Histone-deacetylase-inhibitory effects of periodontopathic-bacterial metabolites induce human gingival epithelial Ca9-22 cell death.

Dental plaque bacteria produce high concentrations of short-chain fatty acids (SCFAs), as bacterial metabolites. SCFA-treated gingival epithelial cells undergo cell death. Our previous reports demonstrated that butyrate-induced cell death depends on autophagy and reactive oxygen species (ROS). However, the precise mechanisms underlying SCFA-induced gingival epithelial cell death is poorly understood. Butyrate is a strong histone deacetylase (HDAC) inhibitor. Therefore, we determined the involvement of HDAC inhibitory activity in SCFA-induced gingival epithelial cells. Ca9-22 cells were used as an in vitro counterpart of gingival epithelial cells. Ca9-22 cells were treated with HDAC inhibitors in the presence or absence of C646, a P300 histone acetyltransferase (HAT) inhibitor, and compared the number of dead cells, which are measured using SYTOX Green dye.
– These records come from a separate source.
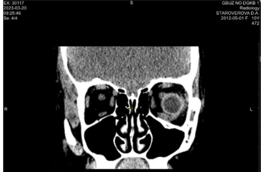 Рис. 9. Компьютерная томография орбит до операции. Клинический пример 3
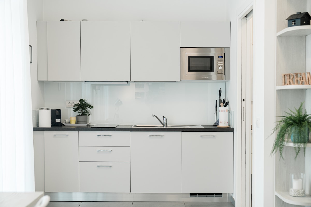 Lägenhet med ett sovrum för upp till 4 personer på ca 45 m². Sovrum med dubbelsäng och bäddsoffa i vardagsrummet. Komplett badrum med stor dusch, fullt utrustat kök med vitvaror (alla utom ugn och diskmaskin) och köksredskap. 43" LG Smart TV i vardagsrummet och 32" LG Smart TV i sovrummet. Gratis höghastighets Wi-Fi-anslutning. Parkeringsplats i själva byggnaden, direkt tillgång med hiss (15 € / natt) på begäran.
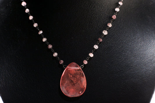 Erdbeerquarz Facettierter Tropfen-Anhänger in einer mit Erdbeerquarzdraht umwickelten Rosenkranzkette
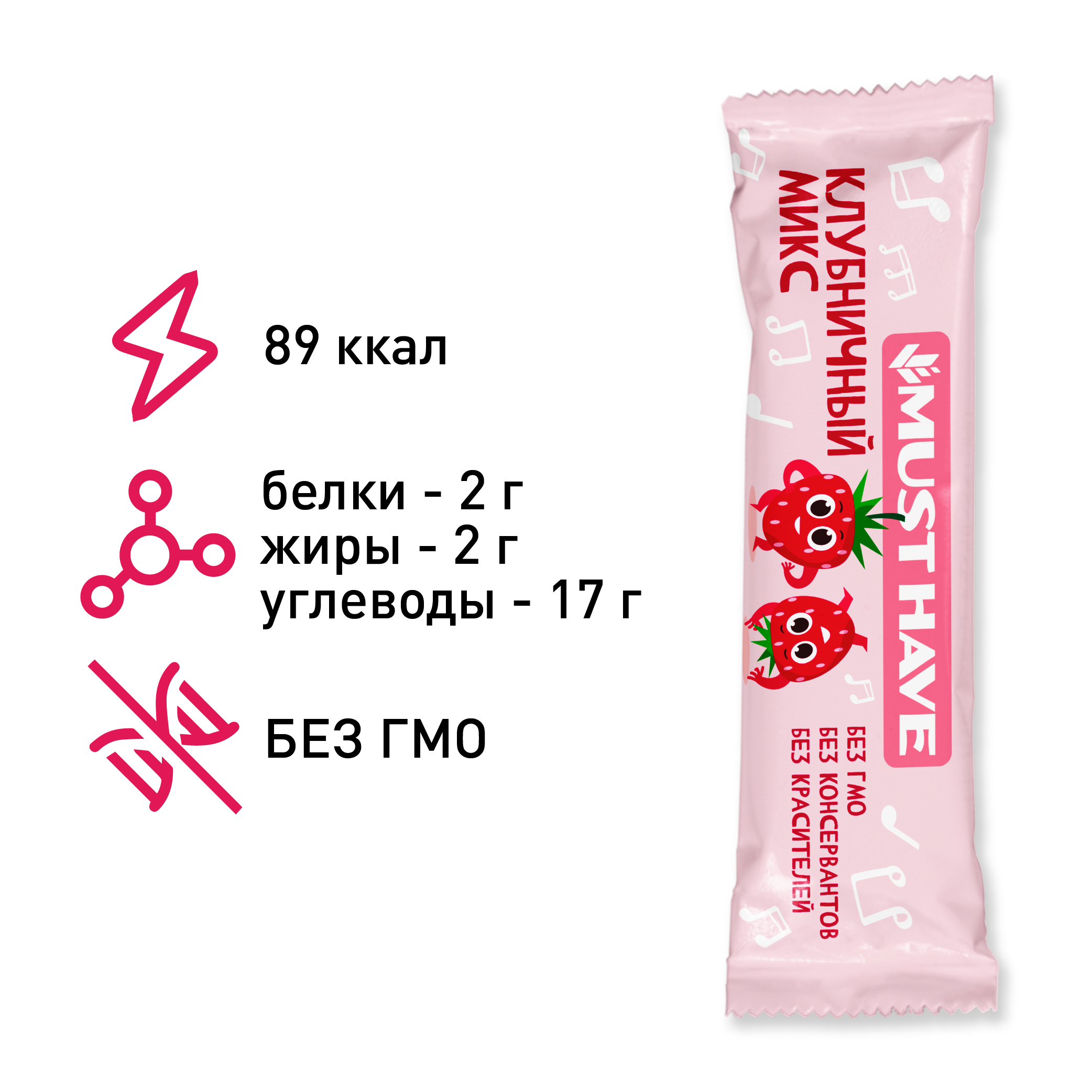 Батончик мюсли MustHave "Клубничный микс" 25г (25шт)
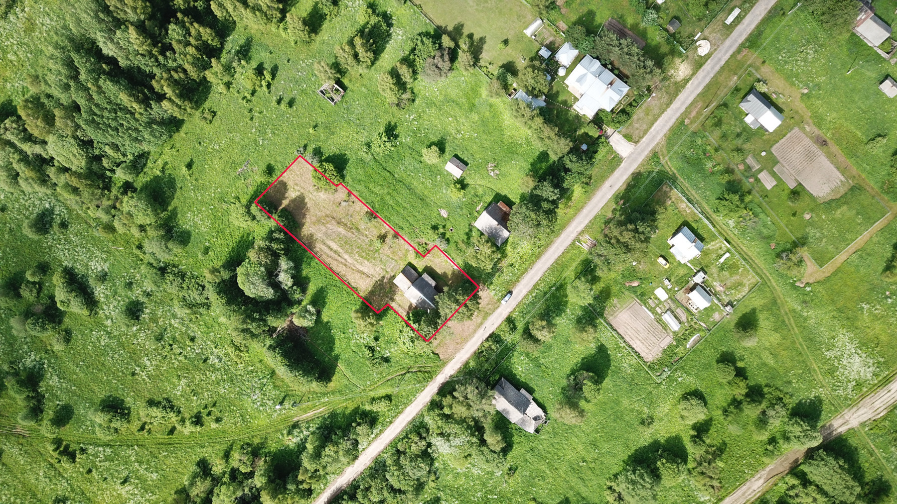 Общая площадь земельного участка 2000 кв.м (20 соток), по периметру частично огорожен старым забором (для обозначения границ). На территории имеются плодово-ягодные насаждения. Круглогодичный асфальтовый подъезд до самого дома.

Acetylation levels of histone H3 were examined using western blotting. Changes in transcriptomes during the butyrate and C646 treatment were examined using RNA sequencing analysis. The butyrate or propionate-treatment of Ca9-22 cells induced acetylation of histone H3, while the C646 treatment strongly reduced the elevated acetylation levels. Accordingly, butyrate or propionate-induced cell death was inhibited by the C646 treatment. Similar results were obtained when other HDAC inhibitors were used. Whole transcriptome analysis revealed that the expression of numerous genes was altered by butyrate-induced histone acetylation. Moreover, some autophagy and ROS-related genes found in the altered genes might induce cell death. This study suggests the need for HDAC-inhibitory activity of bacterial metabolites to induce cell death, and the effects might enhance autophagy and ROS production.